== Recorded data

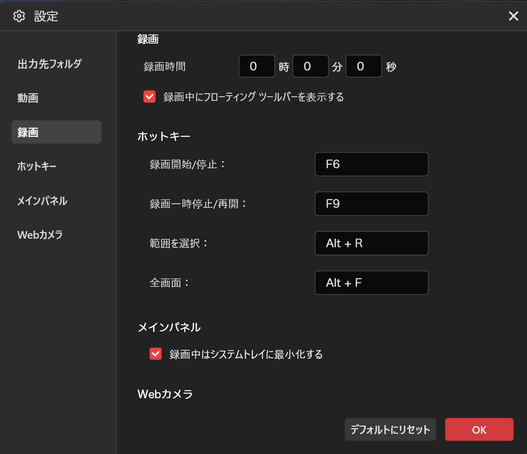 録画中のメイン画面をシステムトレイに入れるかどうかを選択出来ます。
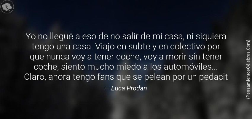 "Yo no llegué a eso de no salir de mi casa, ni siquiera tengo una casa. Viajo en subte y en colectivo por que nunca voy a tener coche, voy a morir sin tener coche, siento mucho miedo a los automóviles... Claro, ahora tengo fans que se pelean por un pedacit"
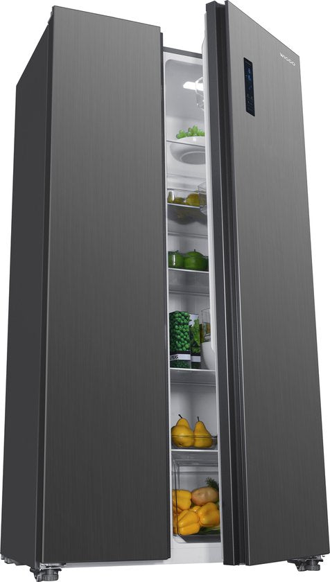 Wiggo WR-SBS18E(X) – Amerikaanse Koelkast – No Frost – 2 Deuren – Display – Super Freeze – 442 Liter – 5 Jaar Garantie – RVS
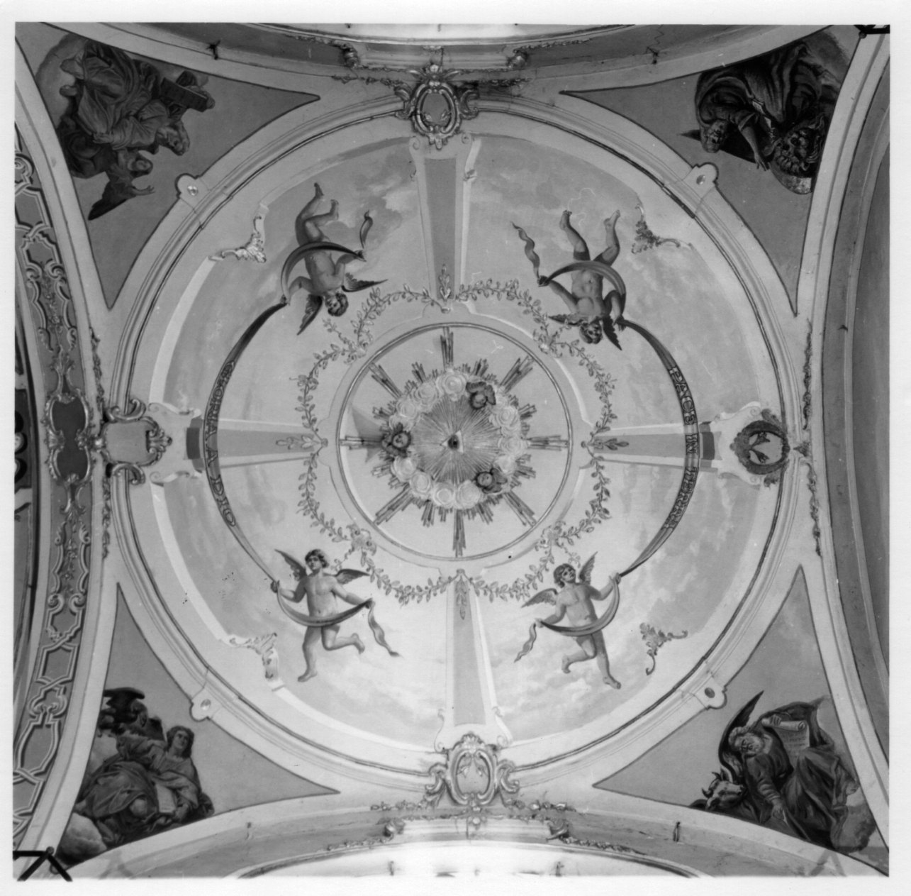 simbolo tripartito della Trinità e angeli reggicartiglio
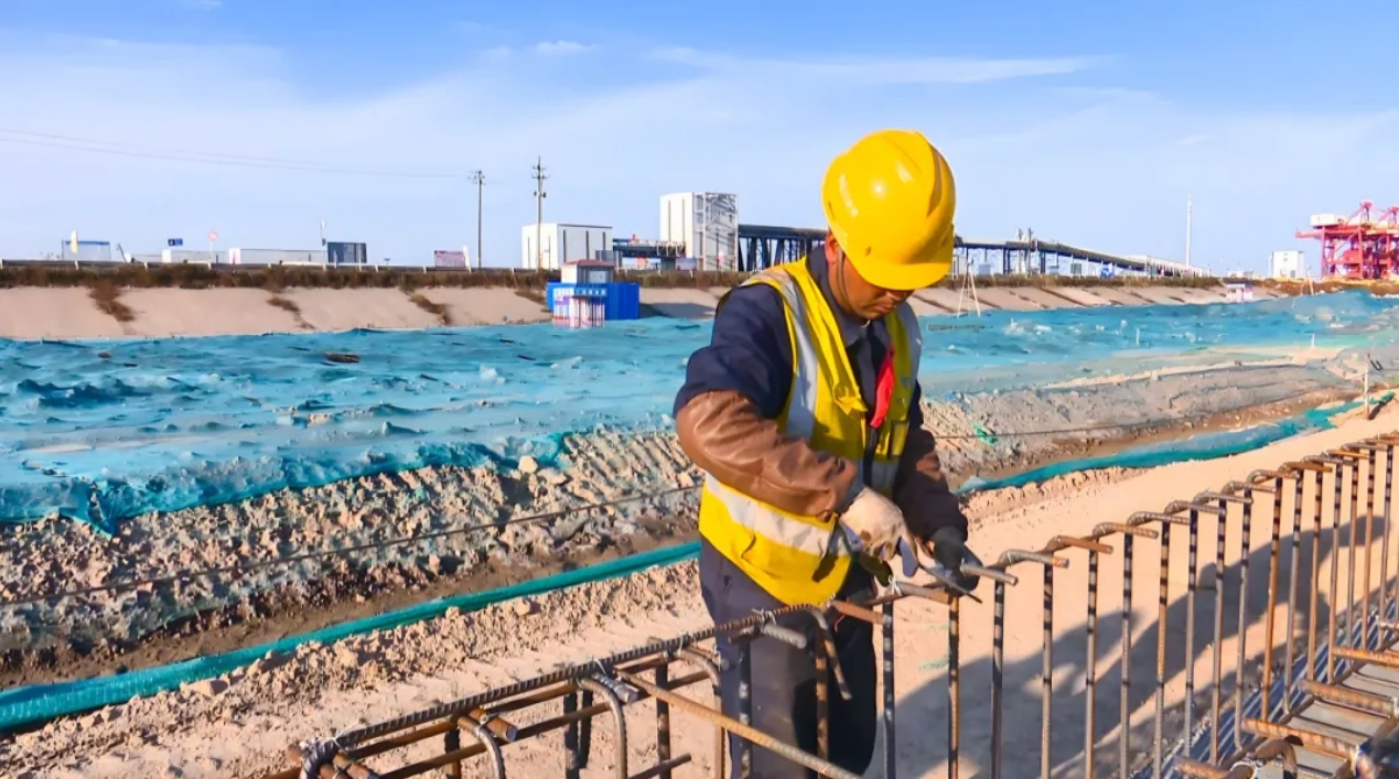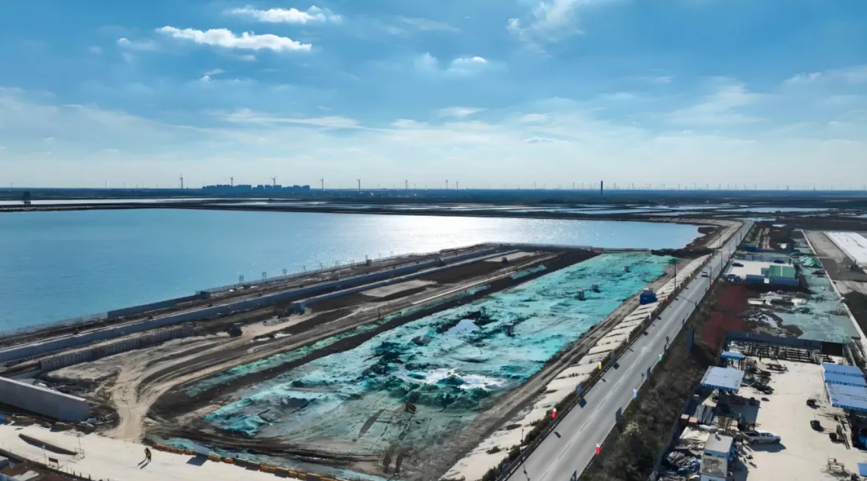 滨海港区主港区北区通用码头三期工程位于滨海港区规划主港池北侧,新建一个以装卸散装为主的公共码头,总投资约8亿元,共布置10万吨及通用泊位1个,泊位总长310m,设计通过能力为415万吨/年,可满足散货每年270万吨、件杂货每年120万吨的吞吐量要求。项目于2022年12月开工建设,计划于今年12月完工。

====

Exercise description:
Only the lines from the one containing "simbolo tripartito della" through the last line of the data may appear in the answer, each given again exactly and with pictures left out.

Exercise solution:
 simbolo tripartito della Trinità e angeli reggicartiglio
 滨海港区主港区北区通用码头三期工程位于滨海港区规划主港池北侧,新建一个以装卸散装为主的公共码头,总投资约8亿元,共布置10万吨及通用泊位1个,泊位总长310m,设计通过能力为415万吨/年,可满足散货每年270万吨、件杂货每年120万吨的吞吐量要求。项目于2022年12月开工建设,计划于今年12月完工。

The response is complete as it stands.